When I interviewed Trump in September, right before he was to speak at the shale conference to hundreds of oil and gas small-business men and women in Pittsburgh, he was centered and gracious.

“Two things people don’t know about me,” he said as the interview was wrapping up. “I am humbled by the people who do support me, because most of them are the ones who are almost to the point of giving up hope, and we can’t have that in America.

“And the other thing is people don’t know that I am nice, that I am a nice person.” *
By the time Election Day came around, Trump had visited Pennsylvania 15 times in 13 weeks, with his children and vice-presidential nominee, Mike Pence, making dozens of visits in between.

As with Trump’s visits to Minnesota, Michigan and Wisconsin, experts chuckled at the waste of time and effort in states they believed he would never win. But the campaign believed there were plenty of Trump-Pence voters hiding in plain sight.

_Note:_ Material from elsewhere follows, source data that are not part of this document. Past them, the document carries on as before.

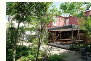
PARLAND COFFEE 〒670-0871 兵庫県姫路市伊伝居8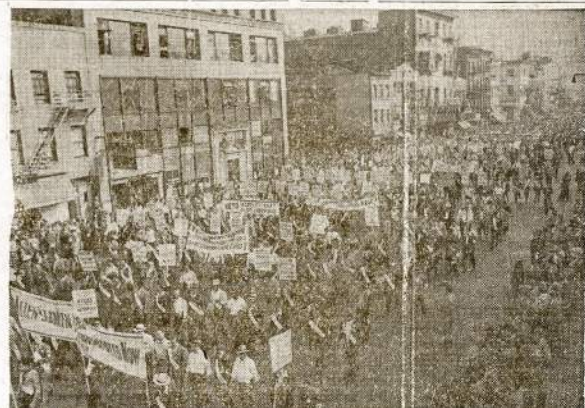
200,000 newyorkiečių unijistų maršavo gatvėm po 16 eilėje per 4 ir pusę valandos CIO suruoštoje demonstracijoje prieš Tafto-Hartley bilijū.

Minimoji knyga-almanakas gali būti perkama "Vilnius" raštinėje. Ji yra idomus skaitymu ir informacijos šaltinis kiekvienam, kuris domisi brolių lietuvių gyvenimu Pietų Amerikoje.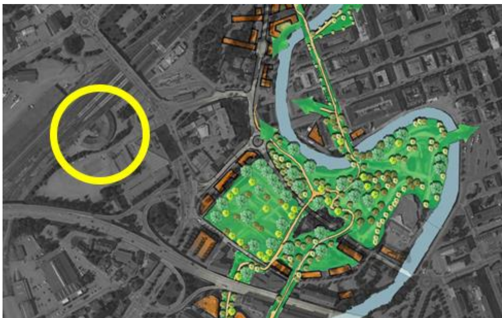
Vändskivan i relation till den framtida Viskans park

En ny scen för populärmusik i Vändskivan kan bli ett fantastiskt tillskott till Borås innerstad. En verksamhet som tillsammans med övrig utveckling runt resecentrum visar upp en levande miljö med ett brett kulturliv för den anländande besökaren.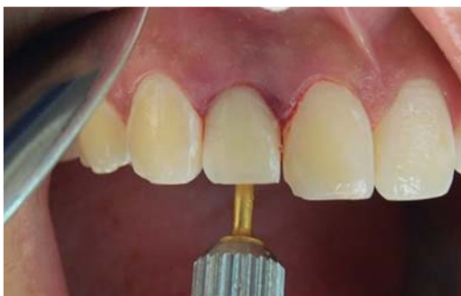
Figura 5. Restauración temporal.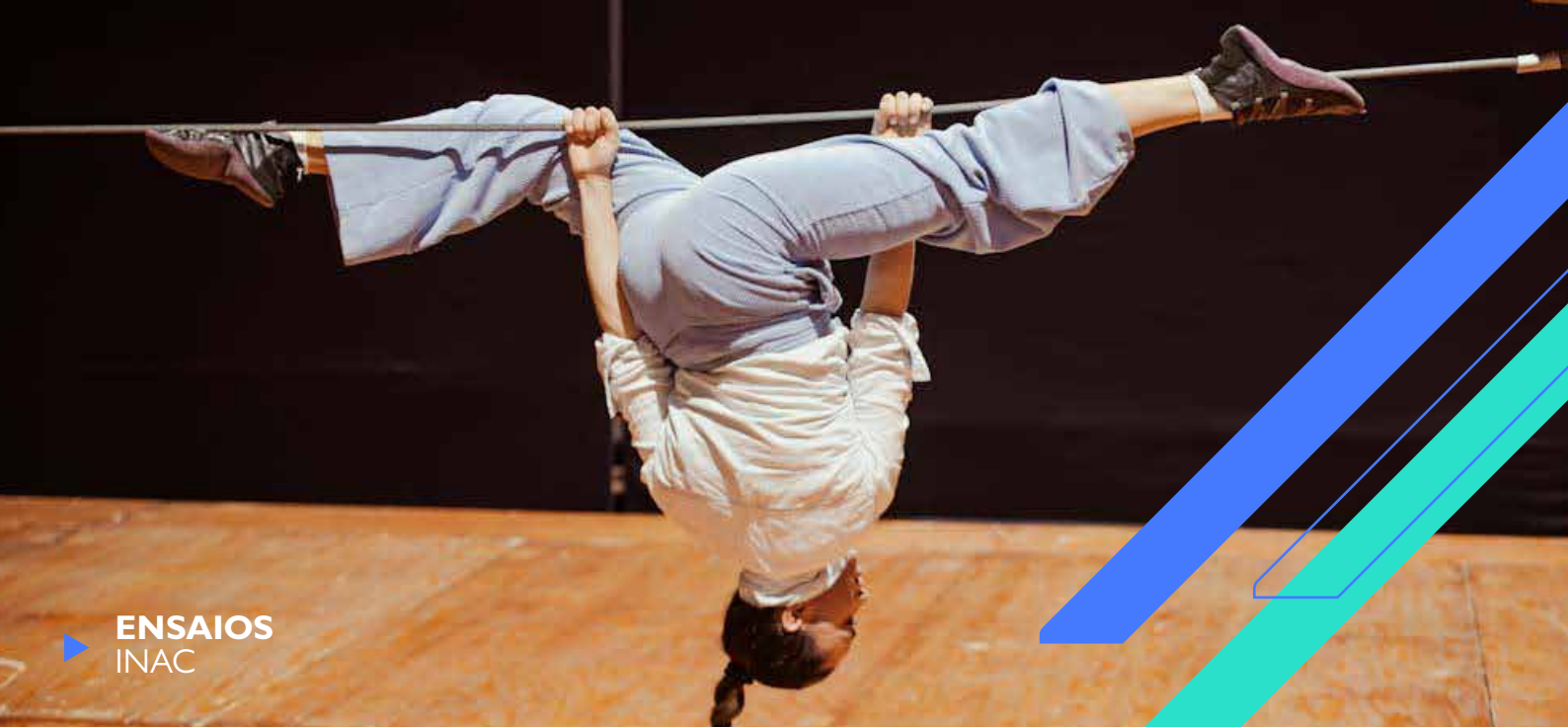
▶ ENSAIOS INAC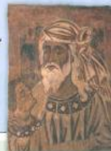
Salomón y Roboán, Monasterio de Sigüenza (MNAC, Barcelona)

Forma con las tribus del Sur (Judá y Benjamín) el Reino de Judá, con capital en Jerusalén.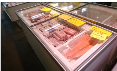
清水魚市場「河岸の市」でのマグロ販売

なお、6月17日（日）に代表施設『清水魚市場「 かし の いち 市」』（静岡県静岡市）において、「みなとオアシスマぐろのまち清水」の登録証交付式を行います。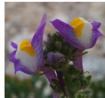
פשתנית ססגונית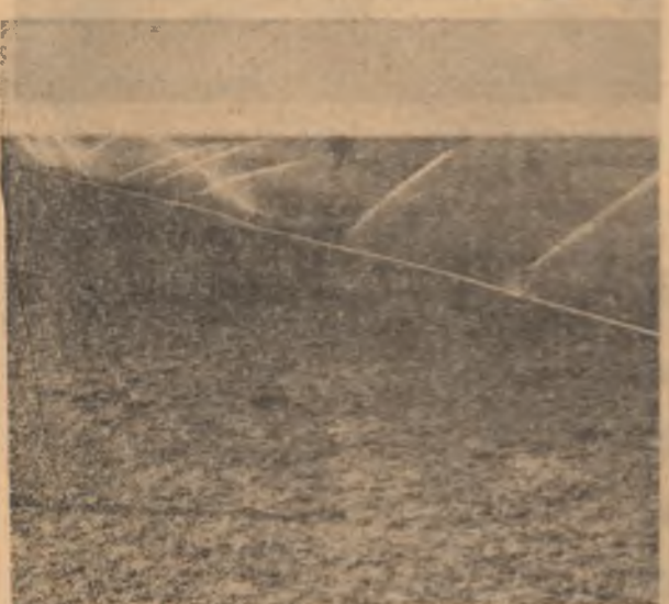
La cooperata agricultura din Dichiseni, aspersoarele funcționează din plin asigurînd suprafețelor cultivate cu lucrări cantitative de apă necesare pentru o producție sporită de furaje.

arse, așteptîndu-se intervenția (rebobinare) L.C.M. Regalia; I.E.L.L.F. Fetești a executat remedierea a 5,8 km igheaburi, în vreme ce alți 30 km (de zece ori mai mult) așteaptă intervenția cooperatorilor agricoli care le au în exploatare (un număr foarte mare de igheaburi — practice nu există o evidență necesară — sînt cîzute de pe furcile de susținere). Se lucrează cu numai 2 utilaje: • lucrările de însoțiment și dezvoltare sînt executate în proporție de 75—85 la sînt. Diferența se află în puncte izolate de lucru, unde, după afirmările forului tîncari nu se realizează o productivitate a muncii sporită. Deci, din cauza „productivității” nu va curge apă?

In the end, he pulled off a stunning win in Pennsylvania, turning out voters in counties like Luzerne, Erie, Cambria, Washington and Westmoreland at a rate that eventually would offset Hillary Clinton’s solid numbers in Philadelphia and Pittsburgh.

The key was picking off Obama Democrats in the suburbs and rural areas, and getting regular Republican midterm voters, but squeamish presidential voters, energized. It worked. Just as it worked in Wisconsin, Michigan, Ohio, Florida and North Carolina.

Trump’s win was threefold. It occurred during populist unrest; he was unlike anyone whom voters had ever seen before; and the experts misjudged how disliked Obama’s policies were, because the focus was too much on his personal popularity.

Data were never able to track that type of emotional push against government.

In a republic that is 240 years old, it isn’t often that a political occurrence can surprise. The 2016 presidential race was one that will go down in the history books, marking a rare occasion when a true populist was able to transfer that energy into votes.